__EXERCISE GOAL__
Print out the data exactly, keeping every image out of it.

__RECORDS FOR THIS EXERCISE__
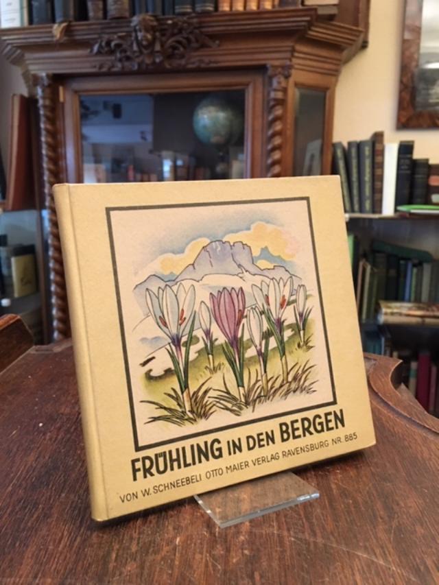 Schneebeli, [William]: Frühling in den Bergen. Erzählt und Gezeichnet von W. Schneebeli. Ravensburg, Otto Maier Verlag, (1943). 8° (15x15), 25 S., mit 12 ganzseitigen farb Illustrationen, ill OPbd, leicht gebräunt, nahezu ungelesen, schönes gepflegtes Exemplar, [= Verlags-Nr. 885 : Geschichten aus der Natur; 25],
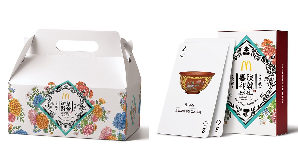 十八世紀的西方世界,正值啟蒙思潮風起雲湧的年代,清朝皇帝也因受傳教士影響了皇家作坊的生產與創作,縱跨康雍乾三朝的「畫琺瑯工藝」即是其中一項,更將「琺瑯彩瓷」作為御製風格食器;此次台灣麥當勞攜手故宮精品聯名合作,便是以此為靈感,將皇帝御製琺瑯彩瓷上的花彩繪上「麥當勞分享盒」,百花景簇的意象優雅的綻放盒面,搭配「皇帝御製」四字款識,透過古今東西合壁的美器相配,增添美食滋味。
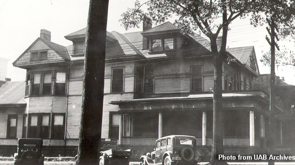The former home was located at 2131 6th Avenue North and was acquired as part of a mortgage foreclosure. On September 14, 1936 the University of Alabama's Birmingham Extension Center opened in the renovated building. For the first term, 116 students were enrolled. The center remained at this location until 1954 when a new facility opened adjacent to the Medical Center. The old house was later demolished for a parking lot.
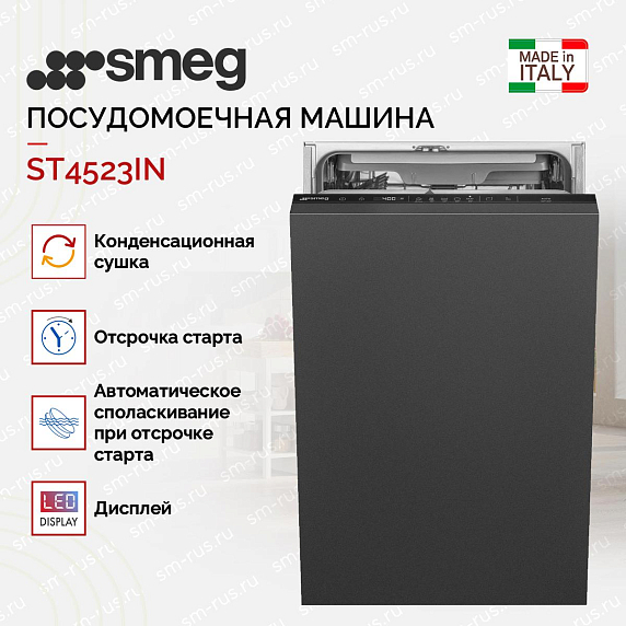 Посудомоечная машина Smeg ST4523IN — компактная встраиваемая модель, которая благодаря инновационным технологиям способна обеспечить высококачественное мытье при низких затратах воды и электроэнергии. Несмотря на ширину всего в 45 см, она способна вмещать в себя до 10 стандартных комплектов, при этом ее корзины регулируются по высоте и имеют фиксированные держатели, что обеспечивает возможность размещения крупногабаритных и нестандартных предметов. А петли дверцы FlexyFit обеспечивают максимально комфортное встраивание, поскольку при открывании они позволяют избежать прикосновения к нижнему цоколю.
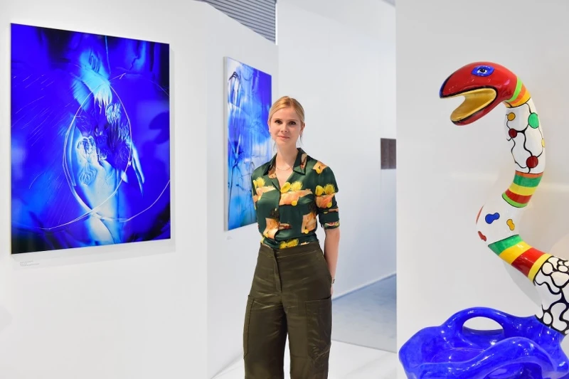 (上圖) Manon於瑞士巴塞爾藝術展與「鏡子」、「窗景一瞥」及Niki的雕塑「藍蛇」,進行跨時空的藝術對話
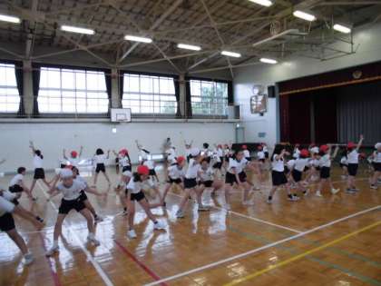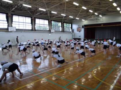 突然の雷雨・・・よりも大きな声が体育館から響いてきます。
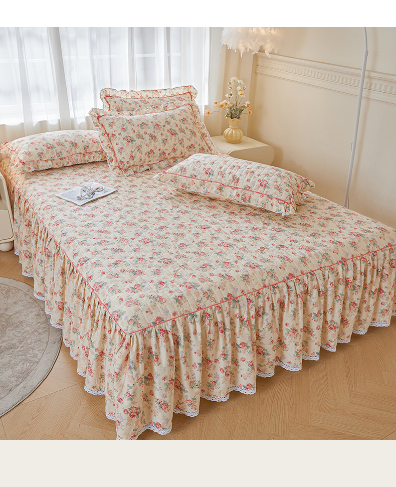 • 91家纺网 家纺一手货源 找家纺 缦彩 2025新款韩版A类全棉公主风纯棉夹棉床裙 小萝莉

__RESPONSE FOR THIS EXERCISE__
 Schneebeli, [William]: Frühling in den Bergen. Erzählt und Gezeichnet von W. Schneebeli. Ravensburg, Otto Maier Verlag, (1943). 8° (15x15), 25 S., mit 12 ganzseitigen farb Illustrationen, ill OPbd, leicht gebräunt, nahezu ungelesen, schönes gepflegtes Exemplar, [= Verlags-Nr. 885 : Geschichten aus der Natur; 25],
 十八世紀的西方世界,正值啟蒙思潮風起雲湧的年代,清朝皇帝也因受傳教士影響了皇家作坊的生產與創作,縱跨康雍乾三朝的「畫琺瑯工藝」即是其中一項,更將「琺瑯彩瓷」作為御製風格食器;此次台灣麥當勞攜手故宮精品聯名合作,便是以此為靈感,將皇帝御製琺瑯彩瓷上的花彩繪上「麥當勞分享盒」,百花景簇的意象優雅的綻放盒面,搭配「皇帝御製」四字款識,透過古今東西合壁的美器相配,增添美食滋味。
The former home was located at 2131 6th Avenue North and was acquired as part of a mortgage foreclosure. On September 14, 1936 the University of Alabama's Birmingham Extension Center opened in the renovated building. For the first term, 116 students were enrolled. The center remained at this location until 1954 when a new facility opened adjacent to the Medical Center. The old house was later demolished for a parking lot.
 Посудомоечная машина Smeg ST4523IN — компактная встраиваемая модель, которая благодаря инновационным технологиям способна обеспечить высококачественное мытье при низких затратах воды и электроэнергии. Несмотря на ширину всего в 45 см, она способна вмещать в себя до 10 стандартных комплектов, при этом ее корзины регулируются по высоте и имеют фиксированные держатели, что обеспечивает возможность размещения крупногабаритных и нестандартных предметов. А петли дверцы FlexyFit обеспечивают максимально комфортное встраивание, поскольку при открывании они позволяют избежать прикосновения к нижнему цоколю.
 (上圖) Manon於瑞士巴塞爾藝術展與「鏡子」、「窗景一瞥」及Niki的雕塑「藍蛇」,進行跨時空的藝術對話
 突然の雷雨・・・よりも大きな声が体育館から響いてきます。
 • 91家纺网 家纺一手货源 找家纺 缦彩 2025新款韩版A类全棉公主风纯棉夹棉床裙 小萝莉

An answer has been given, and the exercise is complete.